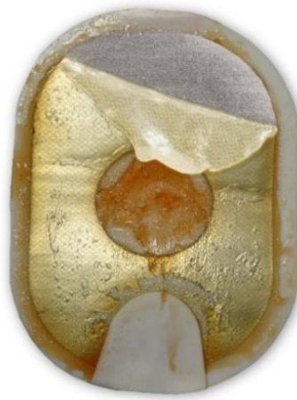
Figure 2: Separated, folded gel may also have a discolored and/or melted appearance.

Action: Apply pads to the patient. Do not hesitate.
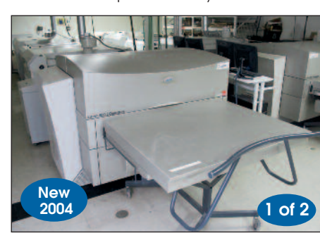
Creo Lotem (Kodak) CTP Systems Model 80011 Quantum
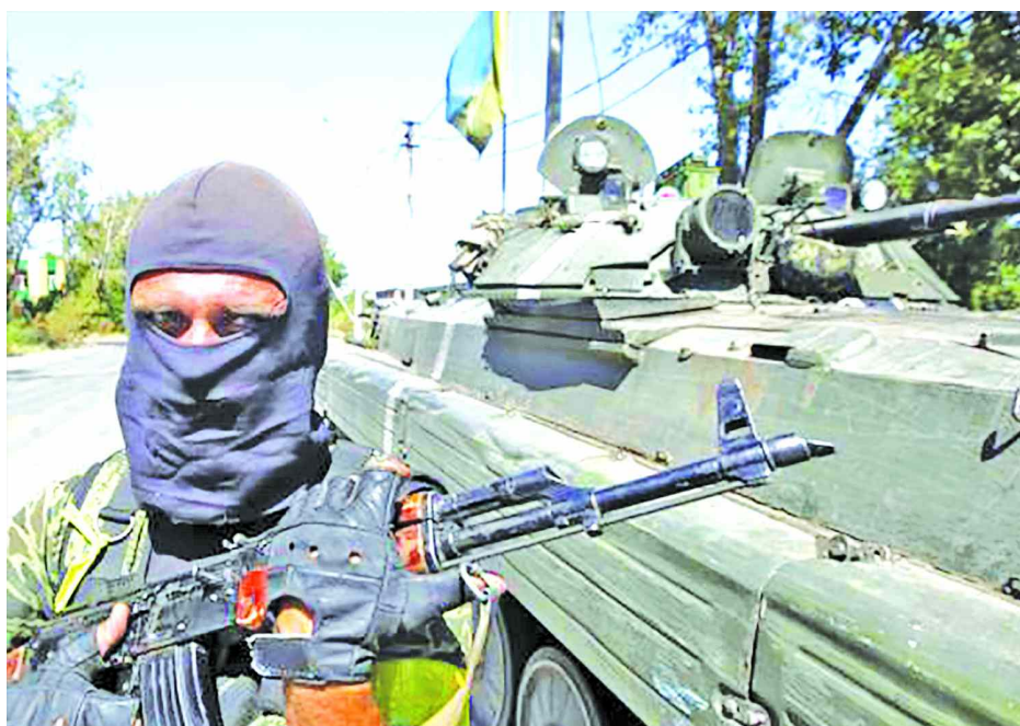
A Ukrainian serviceman guards a checkpoint outside Donetsk on 15 Aug, 2014.

In a call to US Defence Secretary Chuck Hagel, as reported by Russia’s state news agency RIA , Defence Minister Sergei Shoigu said Moscow was “seriously concerned” by increased NATO activity and called for a ceasefire to get aid into Ukraine. The agency did not specify what Western military movements he meant. The Pentagon said in a statement that Hagel had sought clarification about the Russian convoy during the phone call and was “guaranteed” it did not include Russian military personnel and would not be used as a pretext for inter-
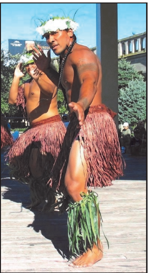
Hawaiian Luau Show, which will perform Sept. 5, is a local favorite with its Polynesian music and dance.

The Fifth annual Atlantic City Library International Night Series, co-sponsored by the City of Atlantic City and funded in part by the Casino Reinvestment Development Authority (CRDA), wraps up with a performance by Hawaiian Luau Show at 7 p.m. Sept. 5 at Kennedy Plaza.

#####

Reproduce only the lines running from the beginning of the entries above to the line holding "A Ukrainian serviceman", inclusive. Pictures stay out of the copy.

Answer space »
Figure 2: Separated, folded gel may also have a discolored and/or melted appearance.

Action: Apply pads to the patient. Do not hesitate.
Creo Lotem (Kodak) CTP Systems Model 80011 Quantum
A Ukrainian serviceman guards a checkpoint outside Donetsk on 15 Aug, 2014.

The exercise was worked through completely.